▶ **Records from a dataset**

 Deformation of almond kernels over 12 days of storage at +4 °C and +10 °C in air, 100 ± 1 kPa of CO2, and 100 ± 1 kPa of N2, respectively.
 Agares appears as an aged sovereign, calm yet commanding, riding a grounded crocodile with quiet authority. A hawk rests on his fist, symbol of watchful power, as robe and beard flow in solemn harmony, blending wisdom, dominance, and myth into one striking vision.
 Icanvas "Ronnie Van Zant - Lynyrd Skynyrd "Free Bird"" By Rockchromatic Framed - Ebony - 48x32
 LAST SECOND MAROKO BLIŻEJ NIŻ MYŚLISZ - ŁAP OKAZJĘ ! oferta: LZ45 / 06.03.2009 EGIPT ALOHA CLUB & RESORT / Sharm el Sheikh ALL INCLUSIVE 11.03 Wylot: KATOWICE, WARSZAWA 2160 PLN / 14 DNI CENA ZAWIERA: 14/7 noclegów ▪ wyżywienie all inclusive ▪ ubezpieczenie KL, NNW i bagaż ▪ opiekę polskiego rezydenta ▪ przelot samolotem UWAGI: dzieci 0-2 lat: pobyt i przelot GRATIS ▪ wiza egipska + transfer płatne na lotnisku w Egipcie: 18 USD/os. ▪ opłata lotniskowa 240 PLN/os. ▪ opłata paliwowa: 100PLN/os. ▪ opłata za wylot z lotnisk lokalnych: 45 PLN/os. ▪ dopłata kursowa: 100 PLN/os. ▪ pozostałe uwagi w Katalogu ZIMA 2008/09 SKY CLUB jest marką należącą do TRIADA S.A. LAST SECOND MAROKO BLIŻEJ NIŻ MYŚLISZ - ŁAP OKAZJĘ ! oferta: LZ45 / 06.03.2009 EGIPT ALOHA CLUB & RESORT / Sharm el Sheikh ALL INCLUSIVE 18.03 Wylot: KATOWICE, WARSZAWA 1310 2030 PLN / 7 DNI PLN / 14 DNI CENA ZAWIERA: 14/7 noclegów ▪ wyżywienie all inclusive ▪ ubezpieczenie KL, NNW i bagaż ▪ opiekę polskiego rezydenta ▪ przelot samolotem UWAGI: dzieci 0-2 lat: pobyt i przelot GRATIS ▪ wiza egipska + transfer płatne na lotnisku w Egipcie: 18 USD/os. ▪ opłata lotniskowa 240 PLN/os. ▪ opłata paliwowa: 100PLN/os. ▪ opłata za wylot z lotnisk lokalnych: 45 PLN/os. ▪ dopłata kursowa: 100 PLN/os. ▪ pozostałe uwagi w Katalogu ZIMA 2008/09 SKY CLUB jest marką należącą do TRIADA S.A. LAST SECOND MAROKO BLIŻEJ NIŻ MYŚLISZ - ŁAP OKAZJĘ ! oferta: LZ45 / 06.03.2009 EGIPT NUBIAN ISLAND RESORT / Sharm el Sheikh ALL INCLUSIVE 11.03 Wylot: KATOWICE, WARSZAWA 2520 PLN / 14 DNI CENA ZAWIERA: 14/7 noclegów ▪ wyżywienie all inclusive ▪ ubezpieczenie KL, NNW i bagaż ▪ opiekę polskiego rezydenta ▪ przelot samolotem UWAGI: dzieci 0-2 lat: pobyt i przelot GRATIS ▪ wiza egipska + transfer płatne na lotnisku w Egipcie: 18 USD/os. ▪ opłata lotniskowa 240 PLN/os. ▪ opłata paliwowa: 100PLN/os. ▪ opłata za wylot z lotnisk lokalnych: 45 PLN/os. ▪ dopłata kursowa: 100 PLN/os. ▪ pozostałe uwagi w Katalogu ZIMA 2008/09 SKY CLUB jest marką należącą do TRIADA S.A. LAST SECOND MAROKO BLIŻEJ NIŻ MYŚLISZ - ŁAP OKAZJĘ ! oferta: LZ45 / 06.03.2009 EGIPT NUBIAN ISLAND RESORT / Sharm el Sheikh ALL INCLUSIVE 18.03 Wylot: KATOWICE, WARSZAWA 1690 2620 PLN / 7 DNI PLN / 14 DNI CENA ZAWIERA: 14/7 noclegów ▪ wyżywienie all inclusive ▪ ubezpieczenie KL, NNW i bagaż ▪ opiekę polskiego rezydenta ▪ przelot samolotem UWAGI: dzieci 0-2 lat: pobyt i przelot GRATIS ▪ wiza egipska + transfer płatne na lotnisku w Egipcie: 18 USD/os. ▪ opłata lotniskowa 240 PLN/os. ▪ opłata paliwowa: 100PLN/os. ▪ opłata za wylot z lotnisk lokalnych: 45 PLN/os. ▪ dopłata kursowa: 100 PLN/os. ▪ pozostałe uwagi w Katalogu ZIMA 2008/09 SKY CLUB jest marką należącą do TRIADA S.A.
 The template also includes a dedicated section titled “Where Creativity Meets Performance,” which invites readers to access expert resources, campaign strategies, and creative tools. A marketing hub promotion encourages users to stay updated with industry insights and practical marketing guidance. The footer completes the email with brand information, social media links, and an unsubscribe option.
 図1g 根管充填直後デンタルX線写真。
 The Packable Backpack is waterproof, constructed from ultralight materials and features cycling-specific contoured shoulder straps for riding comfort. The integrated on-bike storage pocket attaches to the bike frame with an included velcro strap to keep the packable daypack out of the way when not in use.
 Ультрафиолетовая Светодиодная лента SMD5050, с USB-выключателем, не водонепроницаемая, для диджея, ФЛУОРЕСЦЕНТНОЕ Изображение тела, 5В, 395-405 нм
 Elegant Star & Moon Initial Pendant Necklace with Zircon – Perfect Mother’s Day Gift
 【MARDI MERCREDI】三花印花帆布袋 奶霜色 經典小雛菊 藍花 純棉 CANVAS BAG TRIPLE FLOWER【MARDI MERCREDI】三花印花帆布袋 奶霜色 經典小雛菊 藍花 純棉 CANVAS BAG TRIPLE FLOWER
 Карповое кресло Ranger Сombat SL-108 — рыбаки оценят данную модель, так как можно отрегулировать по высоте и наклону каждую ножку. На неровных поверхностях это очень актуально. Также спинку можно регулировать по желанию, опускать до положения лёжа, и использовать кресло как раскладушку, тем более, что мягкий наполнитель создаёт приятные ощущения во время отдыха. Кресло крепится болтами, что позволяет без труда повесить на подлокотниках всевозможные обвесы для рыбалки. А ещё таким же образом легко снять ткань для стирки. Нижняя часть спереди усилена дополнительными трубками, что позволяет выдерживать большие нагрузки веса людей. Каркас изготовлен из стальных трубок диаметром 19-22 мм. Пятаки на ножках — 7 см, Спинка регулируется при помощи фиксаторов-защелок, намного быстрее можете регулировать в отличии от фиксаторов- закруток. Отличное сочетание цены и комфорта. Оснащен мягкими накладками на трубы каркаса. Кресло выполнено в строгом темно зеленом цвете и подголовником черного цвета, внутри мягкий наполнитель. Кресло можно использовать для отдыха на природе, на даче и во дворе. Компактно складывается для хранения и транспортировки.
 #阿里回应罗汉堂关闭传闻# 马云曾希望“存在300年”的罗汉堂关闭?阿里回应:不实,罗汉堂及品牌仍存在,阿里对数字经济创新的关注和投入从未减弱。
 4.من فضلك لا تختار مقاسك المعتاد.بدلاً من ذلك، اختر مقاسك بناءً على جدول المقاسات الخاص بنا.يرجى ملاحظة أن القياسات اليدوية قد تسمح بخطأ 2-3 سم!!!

▶ **Assignment**
Copy the records above exactly, leaving nothing out.

▶ **Answer**
 Deformation of almond kernels over 12 days of storage at +4 °C and +10 °C in air, 100 ± 1 kPa of CO2, and 100 ± 1 kPa of N2, respectively.
 Agares appears as an aged sovereign, calm yet commanding, riding a grounded crocodile with quiet authority. A hawk rests on his fist, symbol of watchful power, as robe and beard flow in solemn harmony, blending wisdom, dominance, and myth into one striking vision.
 Icanvas "Ronnie Van Zant - Lynyrd Skynyrd "Free Bird"" By Rockchromatic Framed - Ebony - 48x32
 LAST SECOND MAROKO BLIŻEJ NIŻ MYŚLISZ - ŁAP OKAZJĘ ! oferta: LZ45 / 06.03.2009 EGIPT ALOHA CLUB & RESORT / Sharm el Sheikh ALL INCLUSIVE 11.03 Wylot: KATOWICE, WARSZAWA 2160 PLN / 14 DNI CENA ZAWIERA: 14/7 noclegów ▪ wyżywienie all inclusive ▪ ubezpieczenie KL, NNW i bagaż ▪ opiekę polskiego rezydenta ▪ przelot samolotem UWAGI: dzieci 0-2 lat: pobyt i przelot GRATIS ▪ wiza egipska + transfer płatne na lotnisku w Egipcie: 18 USD/os. ▪ opłata lotniskowa 240 PLN/os. ▪ opłata paliwowa: 100PLN/os. ▪ opłata za wylot z lotnisk lokalnych: 45 PLN/os. ▪ dopłata kursowa: 100 PLN/os. ▪ pozostałe uwagi w Katalogu ZIMA 2008/09 SKY CLUB jest marką należącą do TRIADA S.A. LAST SECOND MAROKO BLIŻEJ NIŻ MYŚLISZ - ŁAP OKAZJĘ ! oferta: LZ45 / 06.03.2009 EGIPT ALOHA CLUB & RESORT / Sharm el Sheikh ALL INCLUSIVE 18.03 Wylot: KATOWICE, WARSZAWA 1310 2030 PLN / 7 DNI PLN / 14 DNI CENA ZAWIERA: 14/7 noclegów ▪ wyżywienie all inclusive ▪ ubezpieczenie KL, NNW i bagaż ▪ opiekę polskiego rezydenta ▪ przelot samolotem UWAGI: dzieci 0-2 lat: pobyt i przelot GRATIS ▪ wiza egipska + transfer płatne na lotnisku w Egipcie: 18 USD/os. ▪ opłata lotniskowa 240 PLN/os. ▪ opłata paliwowa: 100PLN/os. ▪ opłata za wylot z lotnisk lokalnych: 45 PLN/os. ▪ dopłata kursowa: 100 PLN/os. ▪ pozostałe uwagi w Katalogu ZIMA 2008/09 SKY CLUB jest marką należącą do TRIADA S.A. LAST SECOND MAROKO BLIŻEJ NIŻ MYŚLISZ - ŁAP OKAZJĘ ! oferta: LZ45 / 06.03.2009 EGIPT NUBIAN ISLAND RESORT / Sharm el Sheikh ALL INCLUSIVE 11.03 Wylot: KATOWICE, WARSZAWA 2520 PLN / 14 DNI CENA ZAWIERA: 14/7 noclegów ▪ wyżywienie all inclusive ▪ ubezpieczenie KL, NNW i bagaż ▪ opiekę polskiego rezydenta ▪ przelot samolotem UWAGI: dzieci 0-2 lat: pobyt i przelot GRATIS ▪ wiza egipska + transfer płatne na lotnisku w Egipcie: 18 USD/os. ▪ opłata lotniskowa 240 PLN/os. ▪ opłata paliwowa: 100PLN/os. ▪ opłata za wylot z lotnisk lokalnych: 45 PLN/os. ▪ dopłata kursowa: 100 PLN/os. ▪ pozostałe uwagi w Katalogu ZIMA 2008/09 SKY CLUB jest marką należącą do TRIADA S.A. LAST SECOND MAROKO BLIŻEJ NIŻ MYŚLISZ - ŁAP OKAZJĘ ! oferta: LZ45 / 06.03.2009 EGIPT NUBIAN ISLAND RESORT / Sharm el Sheikh ALL INCLUSIVE 18.03 Wylot: KATOWICE, WARSZAWA 1690 2620 PLN / 7 DNI PLN / 14 DNI CENA ZAWIERA: 14/7 noclegów ▪ wyżywienie all inclusive ▪ ubezpieczenie KL, NNW i bagaż ▪ opiekę polskiego rezydenta ▪ przelot samolotem UWAGI: dzieci 0-2 lat: pobyt i przelot GRATIS ▪ wiza egipska + transfer płatne na lotnisku w Egipcie: 18 USD/os. ▪ opłata lotniskowa 240 PLN/os. ▪ opłata paliwowa: 100PLN/os. ▪ opłata za wylot z lotnisk lokalnych: 45 PLN/os. ▪ dopłata kursowa: 100 PLN/os. ▪ pozostałe uwagi w Katalogu ZIMA 2008/09 SKY CLUB jest marką należącą do TRIADA S.A.
 The template also includes a dedicated section titled “Where Creativity Meets Performance,” which invites readers to access expert resources, campaign strategies, and creative tools. A marketing hub promotion encourages users to stay updated with industry insights and practical marketing guidance. The footer completes the email with brand information, social media links, and an unsubscribe option.
 図1g 根管充填直後デンタルX線写真。
 The Packable Backpack is waterproof, constructed from ultralight materials and features cycling-specific contoured shoulder straps for riding comfort. The integrated on-bike storage pocket attaches to the bike frame with an included velcro strap to keep the packable daypack out of the way when not in use.
 Ультрафиолетовая Светодиодная лента SMD5050, с USB-выключателем, не водонепроницаемая, для диджея, ФЛУОРЕСЦЕНТНОЕ Изображение тела, 5В, 395-405 нм
 Elegant Star & Moon Initial Pendant Necklace with Zircon – Perfect Mother’s Day Gift
 【MARDI MERCREDI】三花印花帆布袋 奶霜色 經典小雛菊 藍花 純棉 CANVAS BAG TRIPLE FLOWER【MARDI MERCREDI】三花印花帆布袋 奶霜色 經典小雛菊 藍花 純棉 CANVAS BAG TRIPLE FLOWER
 Карповое кресло Ranger Сombat SL-108 — рыбаки оценят данную модель, так как можно отрегулировать по высоте и наклону каждую ножку. На неровных поверхностях это очень актуально. Также спинку можно регулировать по желанию, опускать до положения лёжа, и использовать кресло как раскладушку, тем более, что мягкий наполнитель создаёт приятные ощущения во время отдыха. Кресло крепится болтами, что позволяет без труда повесить на подлокотниках всевозможные обвесы для рыбалки. А ещё таким же образом легко снять ткань для стирки. Нижняя часть спереди усилена дополнительными трубками, что позволяет выдерживать большие нагрузки веса людей. Каркас изготовлен из стальных трубок диаметром 19-22 мм. Пятаки на ножках — 7 см, Спинка регулируется при помощи фиксаторов-защелок, намного быстрее можете регулировать в отличии от фиксаторов- закруток. Отличное сочетание цены и комфорта. Оснащен мягкими накладками на трубы каркаса. Кресло выполнено в строгом темно зеленом цвете и подголовником черного цвета, внутри мягкий наполнитель. Кресло можно использовать для отдыха на природе, на даче и во дворе. Компактно складывается для хранения и транспортировки.
 #阿里回应罗汉堂关闭传闻# 马云曾希望“存在300年”的罗汉堂关闭?阿里回应:不实,罗汉堂及品牌仍存在,阿里对数字经济创新的关注和投入从未减弱。
 4.من فضلك لا تختار مقاسك المعتاد.بدلاً من ذلك، اختر مقاسك بناءً على جدول المقاسات الخاص بنا.يرجى ملاحظة أن القياسات اليدوية قد تسمح بخطأ 2-3 سم!!!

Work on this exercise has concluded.